Fuminori Nakamura: Der Dieb (Diogenes)

Von dem japanischen Autor Fuminori Nakamura ist bei Diogenes der Roman Der Dieb erschienen.

Er ist ein Taschendieb mit Prinzipien: nur wohlhabende Opfer, männlich, keine Gewalt. Er betreibt sein Metier in den belebten Straßen Tokios und den überfüllten Wagen der U-Bahn. Dort holt ihnen Nishimura das Portemonnaie aus der Tasche. Er stiehlt mit kunstvollen, fließenden Bewegungen. Der Diebstahl ist der Kick in seinem Leben, das Gefühl, seinem Schicksal zu entrinnen – für den Moment. Dabei bedeutet ihm Geld wenig, er lebt zurückgezogen in einem billigen Apartment an der Peripherie, hat keine Familie, keine Freunde. Nur einen kleinen Jungen, der um jeden Preis von ihm lernen will, wie man stiehlt, wird er nicht los. Seine dunkle Vergangenheit versucht Nishimura zu vergessen, doch eines Tages holt sie ihn ein. In Gestalt eines Kumpels, mit dem er vor Jahren in einen Raubüberfall verwickelt war. Und auch der Drahtzieher jenes Überfalls, der allmächtige Yakuza-Boss Kizaki, Herr über Leben und Tod, hat erfahren, dass er wieder in Tokio ist.

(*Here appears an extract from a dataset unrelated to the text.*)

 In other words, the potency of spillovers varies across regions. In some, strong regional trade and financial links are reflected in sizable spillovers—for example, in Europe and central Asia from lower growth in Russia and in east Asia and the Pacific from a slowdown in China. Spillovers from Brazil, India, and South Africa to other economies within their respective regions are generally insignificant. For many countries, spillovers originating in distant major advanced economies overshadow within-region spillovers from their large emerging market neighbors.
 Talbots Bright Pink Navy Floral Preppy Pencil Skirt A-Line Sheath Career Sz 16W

Der Dieb ist kein Krimi, obwohl man dies aufgrund der Handlung vermuten könnte. Der Roman konzentriert sich in erster Linie auf die Selbstentfremdung des Protagonisten Nishimura, ein Mann, der als Einsiedler sein Dasein fristen würde, wäre er nicht durch seinen Beruf als Taschendieb auf Menschenmassen angewiesen. Er versteht sein Handwerk so gut, dass er fast unsichtbar zu sein scheint. Um die Atmosphäre seiner Geschichte luftiger zu gestalten, kleidet Nakamura seinen Roman in eine Thrillerhandlung, in der allerdings die Gefahr nicht an jeder Strassenecke lauert sondern sich eher in der Stimmung niederschlägt. Für traditionelle Thrillerfans wird das eher unbefriedigende Kost sein, für den der über die Genregrenzen lesen möchte, bietet dieser Roman durch seine schnörkellose Sprache ein Leseerlebnis von großer Intensität.

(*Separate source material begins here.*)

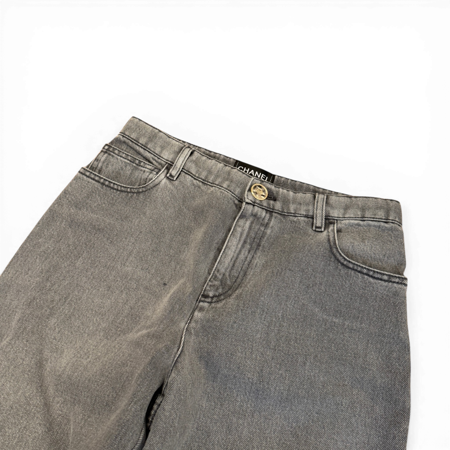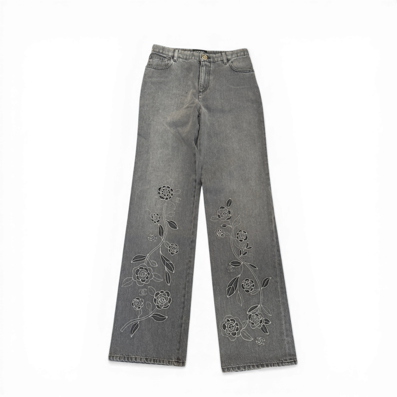 Chanel SS24 Embroidered Floral Cut Out Flared Grey Denim Sample

Fuminori Nakamura, 1977 in Tokai geboren, lebt in Tokio. Er studierte Öffentliche Verwaltung und Staatsverwaltung an der Universität Fukushima. 2003 erschien sein Debüt Ju (Pistole). Inzwischen hat er in Japan über ein Dutzend Romane veröffentlicht, die nun auch in zahlreichen anderen Ländern verlegt werden, unter anderem den USA, England, Frankreich, Spanien und China. Mehrere Romane wurden mit Preisen ausgezeichnet. Der Dieb wurde vom Wall Street Journal als einer der 10 besten Romane des Jahres 2012 ausgezeichnet. Zuletzt erschien in Japan sein Roman Kyodan X (Cult X).

Der Dieb  von Fuminori Nakamura ist bei Diogenes erschienen.